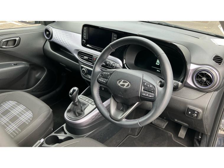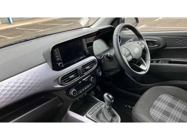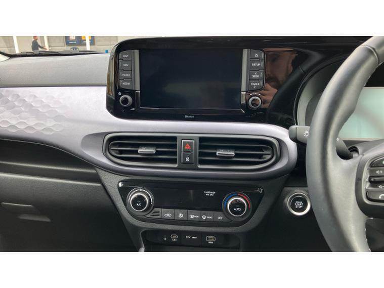 Hyundai i10 1.0 [63] Premium 5dr Auto [Nav] Petrol Hatchback, , This 2024 Hyundai i10 Premium presents an exceptional opportunity with remarkably low mileage for its age, having covered just 6015 miles. This Euro 6 compliant model is powered by an efficient 1.0 litre petrol engine, offering a compelling blend of performance and economy. Inside, you'll find a host of desirable features designed for comfort and convenience, including a heated steering wheel and heated front seats, perfect for those colder mornings. Parking is made simpler with rear parking sensors and assistance, while the Bluetooth connectivity with voice recognition allows for seamless integration of your phone for calls and music.
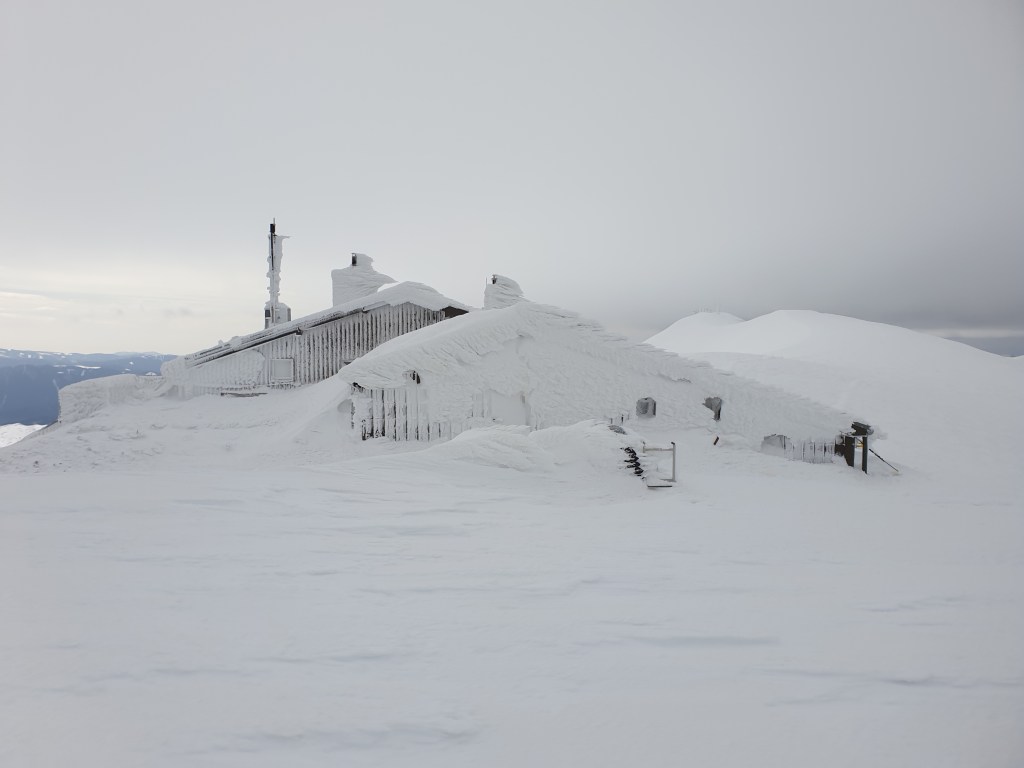 Schneelage nicht besonders gut, Piste nicht in Betrieb, allerdings ausreichend Schnee, ebenso am Forstweg und im Wurzengraben – Kombination aus Schnee und Reif. Am Gipfel tiefwinterliche Verhältnisse. Wetter brauchbar, Gipfel zwischenzeitlich in Wolken, windig.
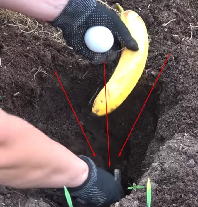Zacznijmy więc od przygotowania naszej ziemi do sadzenia. Osobiście, sadzę pomidory w otworze o średnicy czterdziestu lub czterdziestu pięciu centymetrów. Lepiej jest dodać kompost i biohumus do dziury, aby pomidory mogły być lepiej odżywione. Przedstawmy teraz nasze sekrety. Tajemnicą jest BANAN I JAJKO. To nie żart. Banan jest naprawdę bardzo użytecznym nawozem organicznym, który będzie odżywiał pomidory przez cały sezon. A jajko jest źródłem azotu i wapnia, pomoże naszym pomidorom rosnąć wielokrotnie szybciej i dawać 2 razy większe plony.

━━━

Restate the material above exactly. Exclude all pictures.

Solved exercise
 Hyundai i10 1.0 [63] Premium 5dr Auto [Nav] Petrol Hatchback, , This 2024 Hyundai i10 Premium presents an exceptional opportunity with remarkably low mileage for its age, having covered just 6015 miles. This Euro 6 compliant model is powered by an efficient 1.0 litre petrol engine, offering a compelling blend of performance and economy. Inside, you'll find a host of desirable features designed for comfort and convenience, including a heated steering wheel and heated front seats, perfect for those colder mornings. Parking is made simpler with rear parking sensors and assistance, while the Bluetooth connectivity with voice recognition allows for seamless integration of your phone for calls and music.
 Schneelage nicht besonders gut, Piste nicht in Betrieb, allerdings ausreichend Schnee, ebenso am Forstweg und im Wurzengraben – Kombination aus Schnee und Reif. Am Gipfel tiefwinterliche Verhältnisse. Wetter brauchbar, Gipfel zwischenzeitlich in Wolken, windig.
Zacznijmy więc od przygotowania naszej ziemi do sadzenia. Osobiście, sadzę pomidory w otworze o średnicy czterdziestu lub czterdziestu pięciu centymetrów. Lepiej jest dodać kompost i biohumus do dziury, aby pomidory mogły być lepiej odżywione. Przedstawmy teraz nasze sekrety. Tajemnicą jest BANAN I JAJKO. To nie żart. Banan jest naprawdę bardzo użytecznym nawozem organicznym, który będzie odżywiał pomidory przez cały sezon. A jajko jest źródłem azotu i wapnia, pomoże naszym pomidorom rosnąć wielokrotnie szybciej i dawać 2 razy większe plony.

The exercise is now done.